Requirement
Transcribe only the lines in the data below falling between the line with "大赛分粉笔组、钢笔组和毛笔组" and the line with "根据游戏图鉴显示,驯服一只天空鳐理论上需要准备50包饲料。", including those two lines, and leave out any picture.

Material for this task
_ _ _ _ _ _ _

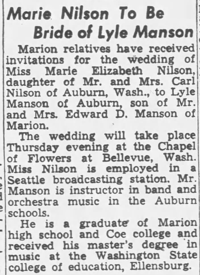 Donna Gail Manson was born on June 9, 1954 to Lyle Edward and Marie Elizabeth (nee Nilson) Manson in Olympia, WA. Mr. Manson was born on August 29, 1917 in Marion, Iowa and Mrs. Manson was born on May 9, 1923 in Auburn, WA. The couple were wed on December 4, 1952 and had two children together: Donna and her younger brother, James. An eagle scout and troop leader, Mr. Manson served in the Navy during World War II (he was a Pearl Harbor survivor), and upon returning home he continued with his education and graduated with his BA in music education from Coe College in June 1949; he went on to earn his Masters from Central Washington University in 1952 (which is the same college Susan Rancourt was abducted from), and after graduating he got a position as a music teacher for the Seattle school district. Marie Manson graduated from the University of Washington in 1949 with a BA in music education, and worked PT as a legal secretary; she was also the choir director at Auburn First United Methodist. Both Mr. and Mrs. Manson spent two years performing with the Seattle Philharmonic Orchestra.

_ _ _ _ _ _ _

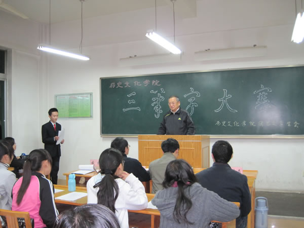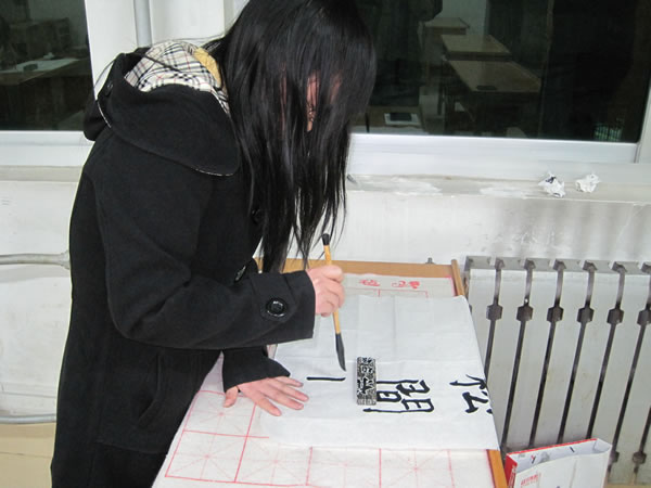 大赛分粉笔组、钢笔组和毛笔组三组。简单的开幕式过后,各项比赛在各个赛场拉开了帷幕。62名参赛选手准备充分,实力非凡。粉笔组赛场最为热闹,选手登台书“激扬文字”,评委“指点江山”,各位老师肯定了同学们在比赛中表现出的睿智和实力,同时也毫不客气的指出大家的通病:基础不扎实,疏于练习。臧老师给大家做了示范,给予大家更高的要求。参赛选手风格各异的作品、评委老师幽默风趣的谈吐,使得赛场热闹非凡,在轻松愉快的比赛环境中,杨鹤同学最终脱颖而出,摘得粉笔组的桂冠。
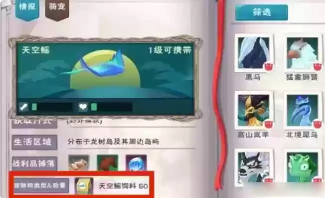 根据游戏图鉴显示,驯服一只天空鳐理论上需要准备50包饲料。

_ _ _ _ _ _ _

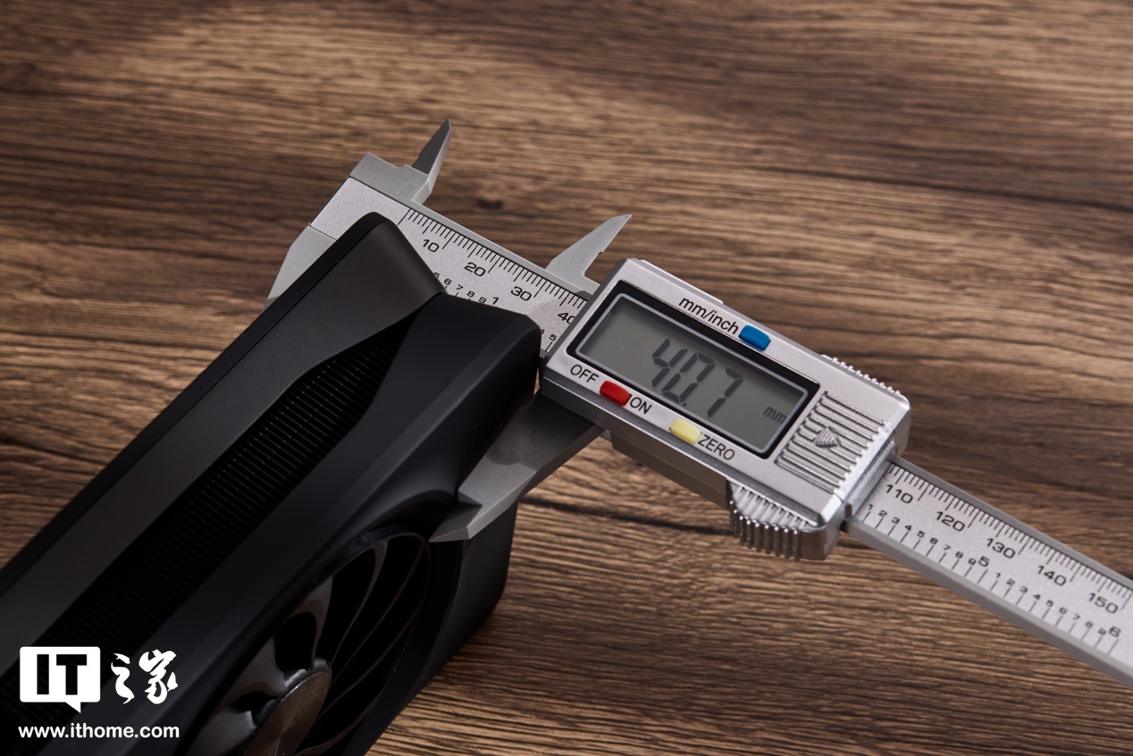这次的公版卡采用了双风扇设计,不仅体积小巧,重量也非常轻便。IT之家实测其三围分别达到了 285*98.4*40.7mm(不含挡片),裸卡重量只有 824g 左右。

_ _ _ _ _ _ _

Your response
 大赛分粉笔组、钢笔组和毛笔组三组。简单的开幕式过后,各项比赛在各个赛场拉开了帷幕。62名参赛选手准备充分,实力非凡。粉笔组赛场最为热闹,选手登台书“激扬文字”,评委“指点江山”,各位老师肯定了同学们在比赛中表现出的睿智和实力,同时也毫不客气的指出大家的通病:基础不扎实,疏于练习。臧老师给大家做了示范,给予大家更高的要求。参赛选手风格各异的作品、评委老师幽默风趣的谈吐,使得赛场热闹非凡,在轻松愉快的比赛环境中,杨鹤同学最终脱颖而出,摘得粉笔组的桂冠。
 根据游戏图鉴显示,驯服一只天空鳐理论上需要准备50包饲料。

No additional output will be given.